NJRoadfan commented 1 year ago

OK, this problem reared its ugly head again.....but I think I found out why. One thing A2SERVER does a lot of is manually resyncing of .AppleDouble folders using a shell script called 'afpsync'.

Shell script in question: https://github.com/NJRoadfan/a2server/blob/njroadfan-main-dev/scripts/tools/afpsync.txt

This re-associates or creates empty forked file data that was copied either under Linux or from a Windows machine using SMB. Something about the AppleDouble data this script creates is not agreeing with the CVE patches.

rdmark commented 1 year ago

That's very curious! Are you aware of what kinds of operations that A2SERVER does on the shared file system that requires this adouble data refresh? For what purposes does it move around the files?

The meat of this logic seems to be sitting in a different script, mkvolinfo.

FWIW, I'm pretty sure Netatalk creates empty adouble metadata and volinfo for any file that is copied onto the shared file system in Linux. In fact, this is a very common usecase for the PiSCSI integration layer, where we download files from the web right onto the shared volume and let Netatalk take care of the rest. We had some bugs early on where afpd crashed when creating the adouble data for new files in certain circumstances, but we fixed all the bugs that we encountered.

Maybe, just maybe, the afpsync script is not needed anymore? It might be worth testing at least.

NJRoadfan commented 1 year ago

What's weird is reverting back the CVE patch and running netatalk seems to fix the corruption in the cnid database.

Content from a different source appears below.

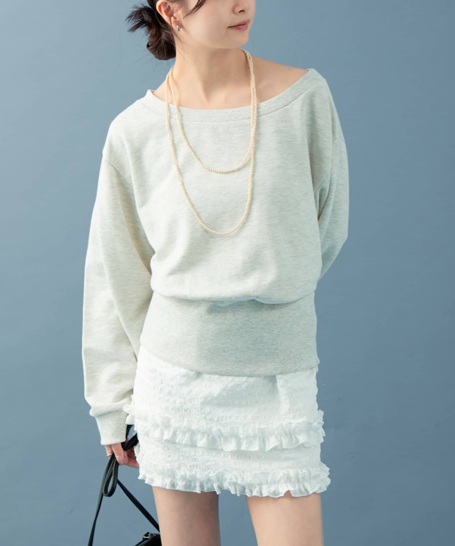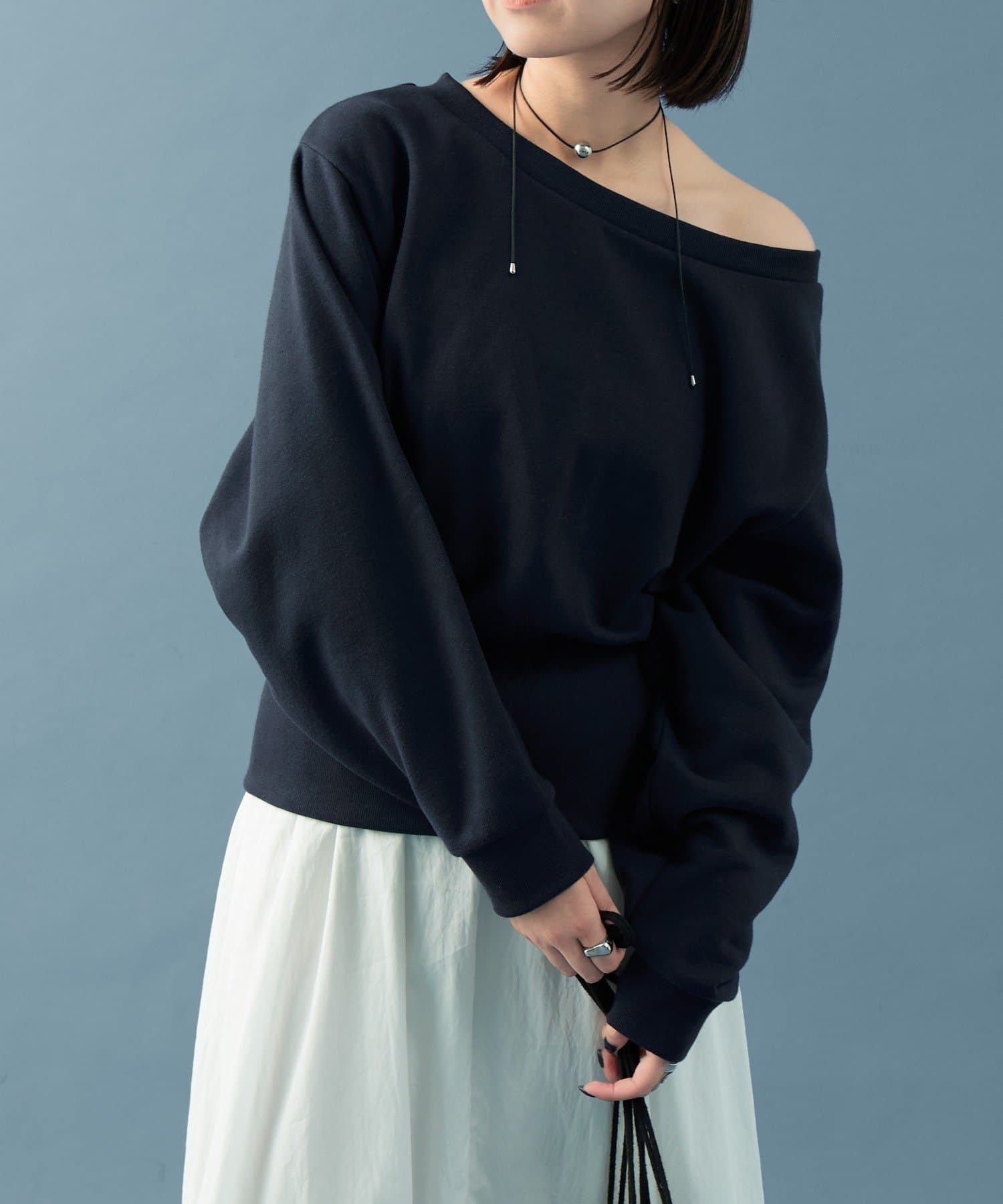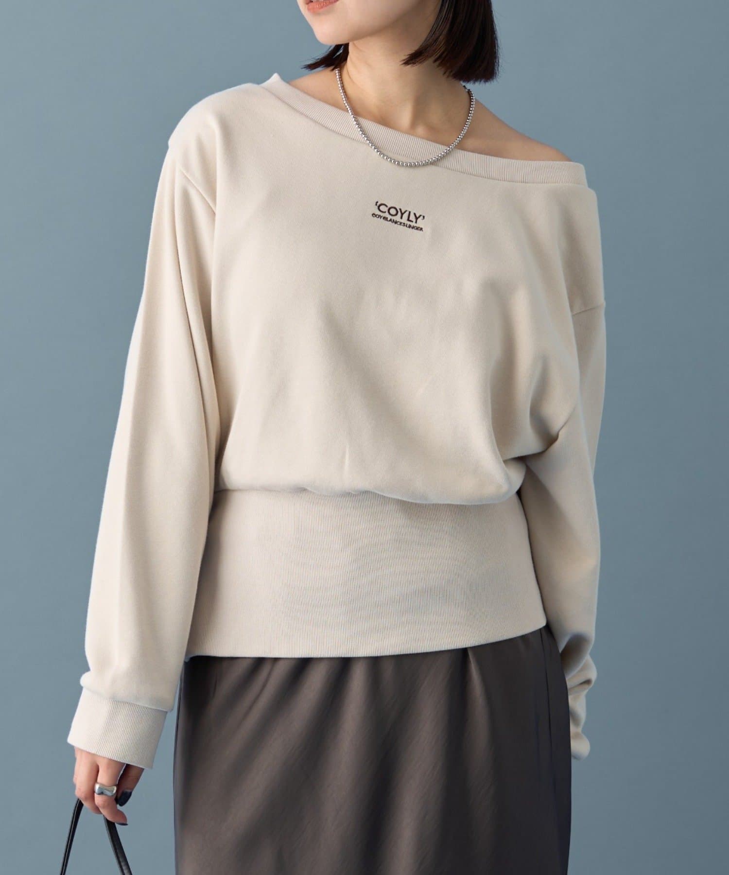 スウェットのカジュアルさとオフショルの肌見せの女性らしさでこなれ感が出るのが嬉しいです◎

This is why the problem wasn't showing up after installing patched versions of netatalk until AFTER I started moving files around.

rdmark commented 1 year ago

The CVE patch could be introducing a regression. But it might as well be catching invalid adouble data generated by that script.

NJRoadfan commented 1 year ago

afpsync is running the dbd utility (with the -r option) that is included with netatalk to rebuild the database. Running 'dbd -r' manually, it appears that GS/OS is causing CNID database errors to occur on any file GS/OS happens to read.

user1@a2server:~/Netatalk-2.x$ sudo dbd -r /srv/A2SERVER/A2FILES/
Bad CNID in adouble file of '/srv/A2SERVER/A2FILES/USERS'
Writing CNID data for '/srv/A2SERVER/A2FILES/USERS' to AppleDouble file
Bad CNID in adouble file of '/srv/A2SERVER/A2FILES/USERS/USER1'
Writing CNID data for '/srv/A2SERVER/A2FILES/USERS/USER1' to AppleDouble file
Bad CNID in adouble file of '/srv/A2SERVER/A2FILES/USERS/USER1/SETUP'
Writing CNID data for '/srv/A2SERVER/A2FILES/USERS/USER1/SETUP' to AppleDouble file
Bad CNID in adouble file of '/srv/A2SERVER/A2FILES/USERS/USER1/SETUP/PRINTER.SETUP'
Writing CNID data for '/srv/A2SERVER/A2FILES/USERS/USER1/SETUP/PRINTER.SETUP' to AppleDouble file
Bad CNID in adouble file of '/srv/A2SERVER/A2FILES/USERS/USER1/SETUP/ATINIT'
Writing CNID data for '/srv/A2SERVER/A2FILES/USERS/USER1/SETUP/ATINIT' to AppleDouble file
...etc...

I'm guessing this is what is causing problems with the CVE patch. This may also be a GS/OS 6.0.4 bug.

NJRoadfan commented 1 year ago

Adding to this.... it appears that GS/OS does some light corruption of adouble data to system files only when netbooted, but that is not the problem.

It seems that the CVE patch caused a regression in the dbd utility. When running dbd-r to force a cnid database rebuild, the stricter adouble checking routines are preventing it from repairing the database. This "corruption" is actually being caused by the 'cppo' script in A2SERVER. This tool manually copies extracted resource fork and filetype/creator data into AppleDouble folders and the A2SERVER scripts use dbd to update the cnid database. It's a hack, but it worked fine before the CVE fixes.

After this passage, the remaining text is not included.